Но, возвращаясь к доносителям и к тому развращающему воздействию, которое они оказывали на жизнь в Риме, а также к коррупции суда, я как раз хотел написать, что, пока Германик был в Риме, не слушалось ни одного дела о богохульстве по отношению к Августу или о заговоре против государства; доносчикам было велено помалкивать. Тиберий вел себя безукоризненно, его речи в сенате были образцами чистосердечия. Сеян ушел на задний план. Фрасилла переселили из Рима под кров виллы Тиберия на Капри, казалось, что у Тиберия есть лишь один близкий друг — Нерва, к которому он все время обращается за советом.

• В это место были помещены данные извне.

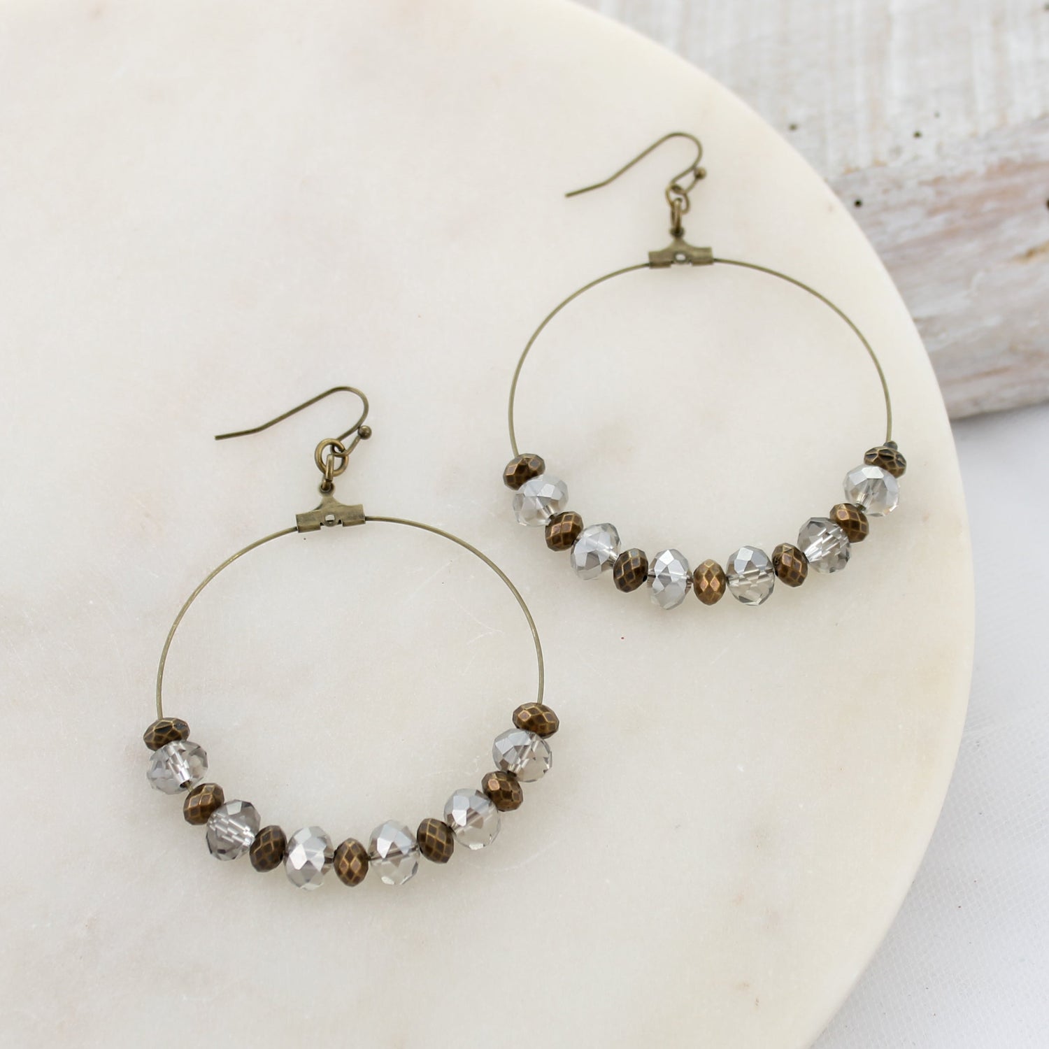 Vintage tone hoop earrings on shepherd hooks with smokey gray crystal beads. Hoops measure about 2 inches in diameter.

Кастора я так и не смог полюбить. Это был жестокий, распутный, необузданный человек, к тому же сквернослов. Его натура яснее всего проявлялась во время гладиаторских боев: ему доставлял удовольствие вид крови, а не ловкость участников. Но я должен сказать, что с Германиком он вел себя благородно и, казалось, делался совсем другим в его обществе. Городские фракции пытались выставить их обоих в весьма неприятной роли соперников, оспаривающих друг у друга престол, но ни Германик, ни Кастор ничем не подтвердили, что такой взгляд на них имеет какие-то основания. Кастор относился к Германику с той же братской симпатией и уважением, что и Германик к нему. Кастор не то чтобы был труслив, но я бы назвал его скорее политиком, чем воином. Когда Кастора послали за Дунай по просьбе племен восточной Германии, ведущих кровавую оборонительную войну с союзом западных племен, возглавляемых Германном, он сумел, благодаря умным, хотя и неблаговидным действиям, вовлечь в войну богемские и баварские племена. Он проводил в жизнь политику Тиберия, способствуя тому, чтобы германцы истребляли друг друга. Маробод[88] («тот, кто ходит по дну озера»), царь-жрец восточных германцев, убегая от врагов, попросил убежища в лагере Кастора. Ему предоставили приют в Италии, и, так как восточные германцы поклялись в верности Риму на вечные времена, Маробод в течение восемнадцати лет оставался заложником, гарантирующим их хорошее поведение. Эти восточные германцы были куда более свирепыми и сильными, чем западные, и Германику повезло, что ему не пришлось с ними воевать. Но Маробод завидовал Германцу, ставшему после победы над Варом в Тевтобургском лесу национальным героем, и, чтобы сорвать его планы и не дать ему осуществить честолюбивую цель сделаться верховным вождем всех германцев, отказался помочь ему в кампании против Германика хотя бы отвлекающим ударом на другом фронте.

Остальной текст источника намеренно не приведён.